I particularly like using ZoomInfo to get contact details of attendees in conjunction with using Linkedin inmail (you can download the list of attendee companies into Linkedin and then run targeted adds to the job titles of those you think are going).
Content from blogs can be good. The only problem is that some companies want to 'vet' and control this content as though it was some kind of financial or legal document. The point of blogs is that they are quick and dirty; if the stories have been edited through several rounds of management review, they will rarely be fresh or dynamic anymore. I have developed Ebooks, infographics, Webcasts and slides, which can also be a good source of leads or simply creating additional awareness of your company.

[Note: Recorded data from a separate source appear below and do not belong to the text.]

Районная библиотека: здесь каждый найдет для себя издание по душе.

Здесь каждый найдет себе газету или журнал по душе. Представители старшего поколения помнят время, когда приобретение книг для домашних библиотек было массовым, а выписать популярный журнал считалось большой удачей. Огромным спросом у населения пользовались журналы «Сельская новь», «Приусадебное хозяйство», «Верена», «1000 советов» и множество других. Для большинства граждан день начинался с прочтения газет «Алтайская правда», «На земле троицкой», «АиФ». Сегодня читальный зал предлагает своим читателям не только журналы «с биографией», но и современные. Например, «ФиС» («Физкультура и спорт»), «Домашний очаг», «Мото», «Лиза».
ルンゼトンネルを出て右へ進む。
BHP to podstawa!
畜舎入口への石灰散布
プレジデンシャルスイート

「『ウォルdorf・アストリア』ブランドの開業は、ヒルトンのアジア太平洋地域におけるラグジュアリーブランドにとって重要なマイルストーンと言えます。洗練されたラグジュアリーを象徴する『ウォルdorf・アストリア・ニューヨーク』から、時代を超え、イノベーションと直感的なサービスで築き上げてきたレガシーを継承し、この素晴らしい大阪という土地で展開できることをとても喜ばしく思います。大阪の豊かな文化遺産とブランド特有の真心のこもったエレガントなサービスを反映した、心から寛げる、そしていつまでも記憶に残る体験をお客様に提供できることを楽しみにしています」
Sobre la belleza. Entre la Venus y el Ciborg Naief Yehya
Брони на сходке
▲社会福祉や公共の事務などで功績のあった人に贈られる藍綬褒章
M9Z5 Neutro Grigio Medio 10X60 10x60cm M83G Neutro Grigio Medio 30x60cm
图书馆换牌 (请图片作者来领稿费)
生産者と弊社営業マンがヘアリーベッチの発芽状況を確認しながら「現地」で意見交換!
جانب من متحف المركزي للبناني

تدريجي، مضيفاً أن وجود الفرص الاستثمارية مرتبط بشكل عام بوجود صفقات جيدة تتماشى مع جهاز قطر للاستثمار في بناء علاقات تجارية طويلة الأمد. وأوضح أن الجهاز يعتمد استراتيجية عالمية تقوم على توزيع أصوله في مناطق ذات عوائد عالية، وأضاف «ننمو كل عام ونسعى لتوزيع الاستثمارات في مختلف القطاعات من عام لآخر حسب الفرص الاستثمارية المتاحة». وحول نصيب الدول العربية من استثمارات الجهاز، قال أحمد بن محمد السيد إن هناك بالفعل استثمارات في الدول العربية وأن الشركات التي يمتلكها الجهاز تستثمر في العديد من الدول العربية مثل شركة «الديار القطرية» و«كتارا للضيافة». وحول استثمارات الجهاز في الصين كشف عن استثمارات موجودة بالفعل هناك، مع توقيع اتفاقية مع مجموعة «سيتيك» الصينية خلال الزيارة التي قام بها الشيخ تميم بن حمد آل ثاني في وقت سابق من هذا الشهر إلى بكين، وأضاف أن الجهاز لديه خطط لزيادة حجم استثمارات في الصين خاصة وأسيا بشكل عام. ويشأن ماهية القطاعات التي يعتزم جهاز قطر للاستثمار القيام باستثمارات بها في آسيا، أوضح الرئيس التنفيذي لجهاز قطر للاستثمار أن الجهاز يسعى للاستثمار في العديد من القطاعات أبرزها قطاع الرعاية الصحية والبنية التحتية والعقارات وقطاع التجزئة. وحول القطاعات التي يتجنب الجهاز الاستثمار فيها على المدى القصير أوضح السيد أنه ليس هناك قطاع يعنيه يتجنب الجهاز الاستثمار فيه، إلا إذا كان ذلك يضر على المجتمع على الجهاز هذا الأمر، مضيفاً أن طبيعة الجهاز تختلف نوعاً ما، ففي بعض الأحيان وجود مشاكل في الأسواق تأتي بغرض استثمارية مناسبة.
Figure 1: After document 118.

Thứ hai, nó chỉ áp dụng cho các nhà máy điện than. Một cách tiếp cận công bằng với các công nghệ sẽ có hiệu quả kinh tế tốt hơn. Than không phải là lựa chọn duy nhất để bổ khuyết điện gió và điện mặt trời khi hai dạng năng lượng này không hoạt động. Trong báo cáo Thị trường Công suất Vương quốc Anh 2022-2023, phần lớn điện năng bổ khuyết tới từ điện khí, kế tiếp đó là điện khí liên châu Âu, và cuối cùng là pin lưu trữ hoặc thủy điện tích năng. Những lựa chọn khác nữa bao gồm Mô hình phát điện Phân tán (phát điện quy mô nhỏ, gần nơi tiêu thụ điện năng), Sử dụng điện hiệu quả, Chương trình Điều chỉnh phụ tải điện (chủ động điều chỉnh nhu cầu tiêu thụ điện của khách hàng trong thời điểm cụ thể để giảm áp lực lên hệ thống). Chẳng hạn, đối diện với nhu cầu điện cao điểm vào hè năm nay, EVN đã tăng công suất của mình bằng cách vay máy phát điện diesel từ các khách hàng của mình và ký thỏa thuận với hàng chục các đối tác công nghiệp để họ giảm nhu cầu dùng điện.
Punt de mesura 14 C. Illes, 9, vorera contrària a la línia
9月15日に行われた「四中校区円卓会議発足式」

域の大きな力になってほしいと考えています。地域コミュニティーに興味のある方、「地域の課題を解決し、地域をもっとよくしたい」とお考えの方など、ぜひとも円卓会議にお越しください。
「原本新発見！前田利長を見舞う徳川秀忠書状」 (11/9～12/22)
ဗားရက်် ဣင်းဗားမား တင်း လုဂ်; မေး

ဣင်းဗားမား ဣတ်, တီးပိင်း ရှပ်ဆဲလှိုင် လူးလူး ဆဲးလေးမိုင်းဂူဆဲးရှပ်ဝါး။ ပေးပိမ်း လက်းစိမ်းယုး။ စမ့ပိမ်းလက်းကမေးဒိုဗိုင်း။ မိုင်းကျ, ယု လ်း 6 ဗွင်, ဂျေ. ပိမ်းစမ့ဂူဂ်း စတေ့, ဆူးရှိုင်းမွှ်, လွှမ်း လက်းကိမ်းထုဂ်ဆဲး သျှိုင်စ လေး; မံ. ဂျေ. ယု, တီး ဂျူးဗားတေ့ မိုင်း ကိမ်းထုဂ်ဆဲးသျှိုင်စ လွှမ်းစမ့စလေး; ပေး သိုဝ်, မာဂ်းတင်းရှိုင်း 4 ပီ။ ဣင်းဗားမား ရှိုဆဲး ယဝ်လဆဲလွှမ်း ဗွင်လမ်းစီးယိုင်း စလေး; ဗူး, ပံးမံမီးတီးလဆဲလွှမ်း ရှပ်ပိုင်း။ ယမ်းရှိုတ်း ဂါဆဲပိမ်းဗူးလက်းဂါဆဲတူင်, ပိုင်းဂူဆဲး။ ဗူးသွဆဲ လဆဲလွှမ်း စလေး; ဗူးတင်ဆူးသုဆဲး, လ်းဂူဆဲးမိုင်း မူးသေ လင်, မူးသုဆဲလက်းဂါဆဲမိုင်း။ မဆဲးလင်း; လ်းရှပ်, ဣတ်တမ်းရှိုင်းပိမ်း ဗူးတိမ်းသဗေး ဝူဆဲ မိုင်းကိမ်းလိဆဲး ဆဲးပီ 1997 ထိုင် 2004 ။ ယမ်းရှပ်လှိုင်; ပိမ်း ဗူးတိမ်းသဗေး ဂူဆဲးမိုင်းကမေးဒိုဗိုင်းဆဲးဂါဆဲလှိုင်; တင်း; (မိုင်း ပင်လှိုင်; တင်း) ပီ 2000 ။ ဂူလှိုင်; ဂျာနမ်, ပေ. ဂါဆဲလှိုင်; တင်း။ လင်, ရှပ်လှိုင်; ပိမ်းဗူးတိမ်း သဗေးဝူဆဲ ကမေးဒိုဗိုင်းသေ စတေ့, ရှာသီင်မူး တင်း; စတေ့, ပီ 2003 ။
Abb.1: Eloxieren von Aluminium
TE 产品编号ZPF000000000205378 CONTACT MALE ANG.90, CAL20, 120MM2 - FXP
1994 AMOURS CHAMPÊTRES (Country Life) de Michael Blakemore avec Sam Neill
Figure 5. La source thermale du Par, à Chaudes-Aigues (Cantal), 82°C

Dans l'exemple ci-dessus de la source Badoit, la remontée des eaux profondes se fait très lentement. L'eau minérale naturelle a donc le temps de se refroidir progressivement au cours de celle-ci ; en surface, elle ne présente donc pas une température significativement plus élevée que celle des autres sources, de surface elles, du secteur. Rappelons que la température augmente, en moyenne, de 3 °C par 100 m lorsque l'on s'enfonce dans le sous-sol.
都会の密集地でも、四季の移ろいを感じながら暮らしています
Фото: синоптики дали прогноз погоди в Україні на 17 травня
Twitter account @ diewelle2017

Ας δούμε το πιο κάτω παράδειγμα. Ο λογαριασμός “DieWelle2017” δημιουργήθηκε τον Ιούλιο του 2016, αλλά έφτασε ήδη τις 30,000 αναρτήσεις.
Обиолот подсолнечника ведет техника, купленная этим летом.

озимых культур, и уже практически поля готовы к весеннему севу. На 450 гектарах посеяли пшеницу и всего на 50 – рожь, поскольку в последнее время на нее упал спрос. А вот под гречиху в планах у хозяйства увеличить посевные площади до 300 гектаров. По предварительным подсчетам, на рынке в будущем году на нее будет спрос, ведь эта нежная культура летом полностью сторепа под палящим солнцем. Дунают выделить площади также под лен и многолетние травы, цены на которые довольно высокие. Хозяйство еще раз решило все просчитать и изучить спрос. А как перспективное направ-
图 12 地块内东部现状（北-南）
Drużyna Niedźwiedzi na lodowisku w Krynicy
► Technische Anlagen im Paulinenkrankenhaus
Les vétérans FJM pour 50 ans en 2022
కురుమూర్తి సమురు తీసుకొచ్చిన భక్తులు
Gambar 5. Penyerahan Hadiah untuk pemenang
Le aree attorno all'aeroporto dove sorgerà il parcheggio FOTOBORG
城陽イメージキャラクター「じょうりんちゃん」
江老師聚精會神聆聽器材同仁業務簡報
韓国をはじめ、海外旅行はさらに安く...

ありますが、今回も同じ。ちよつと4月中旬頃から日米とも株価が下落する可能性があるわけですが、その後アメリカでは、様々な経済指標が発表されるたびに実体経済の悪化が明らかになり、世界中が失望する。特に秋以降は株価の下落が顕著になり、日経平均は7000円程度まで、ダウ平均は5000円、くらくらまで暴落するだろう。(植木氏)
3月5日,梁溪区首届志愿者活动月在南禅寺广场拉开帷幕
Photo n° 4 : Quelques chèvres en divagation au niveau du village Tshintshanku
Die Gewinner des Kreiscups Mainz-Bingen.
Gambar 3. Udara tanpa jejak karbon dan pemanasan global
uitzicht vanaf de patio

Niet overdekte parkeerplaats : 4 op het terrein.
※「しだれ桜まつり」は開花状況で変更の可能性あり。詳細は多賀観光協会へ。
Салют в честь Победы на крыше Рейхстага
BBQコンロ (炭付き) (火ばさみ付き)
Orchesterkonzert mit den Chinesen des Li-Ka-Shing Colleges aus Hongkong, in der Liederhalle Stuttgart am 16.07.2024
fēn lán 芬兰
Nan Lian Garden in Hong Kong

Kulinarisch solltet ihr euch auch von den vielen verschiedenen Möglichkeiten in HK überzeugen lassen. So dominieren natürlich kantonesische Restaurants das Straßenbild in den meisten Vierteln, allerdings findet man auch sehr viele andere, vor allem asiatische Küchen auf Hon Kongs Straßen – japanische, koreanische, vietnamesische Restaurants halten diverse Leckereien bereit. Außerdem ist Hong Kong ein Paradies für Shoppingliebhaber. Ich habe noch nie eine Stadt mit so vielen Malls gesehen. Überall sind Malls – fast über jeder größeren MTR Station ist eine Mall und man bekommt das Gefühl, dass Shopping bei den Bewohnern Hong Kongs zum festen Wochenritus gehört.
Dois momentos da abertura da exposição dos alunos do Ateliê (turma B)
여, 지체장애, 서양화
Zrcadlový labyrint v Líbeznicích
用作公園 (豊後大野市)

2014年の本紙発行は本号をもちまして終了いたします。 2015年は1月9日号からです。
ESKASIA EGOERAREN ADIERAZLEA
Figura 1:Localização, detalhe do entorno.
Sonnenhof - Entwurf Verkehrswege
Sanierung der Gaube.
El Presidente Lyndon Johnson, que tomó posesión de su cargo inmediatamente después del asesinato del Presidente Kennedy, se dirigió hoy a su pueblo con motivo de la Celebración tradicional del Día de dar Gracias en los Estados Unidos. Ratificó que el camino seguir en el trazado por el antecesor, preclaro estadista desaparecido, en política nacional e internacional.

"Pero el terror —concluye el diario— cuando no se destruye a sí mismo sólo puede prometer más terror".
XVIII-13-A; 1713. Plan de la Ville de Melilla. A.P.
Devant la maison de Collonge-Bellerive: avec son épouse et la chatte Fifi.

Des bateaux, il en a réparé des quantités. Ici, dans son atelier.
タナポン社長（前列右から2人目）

5. Ensure that everyone is on board with it. If they are not, then discuss it, and get to the bottom of the problems. Time and time again I've seen marketing teams get on board with a big project that they had serious concerns about. In certain environments, only the courageous (or stupid!) will give their negative opinions. Once you are certain everyone is on board, then execute the plan relentlessly.
6. Analyse your results regularly, at least once every 3 months and if not effective, pivot. If it's truly disastrous, be honest about it and go back to the drawing board quickly. This is essentially the same idea that I learned in Product Marketing for innovation, the stage gate process
When you do this look at Key financial metrics, like ROMI - Return on Marketing Investment (NPV, IRR, Payback period, etc.. Customer Lifetime Value, Cost per Click, Transaction conversion rate (For B-2-B, numbers of prospects who click on your links who go on to become Sales Qualified Leads).
7. Finally, and most importantly, encourage criticism and make your entire company a safe place to share information and mistakes. You cannot take important calculated risks without making mistakes and you can't learn without them either. If you're not failing then you're not trying hard enough.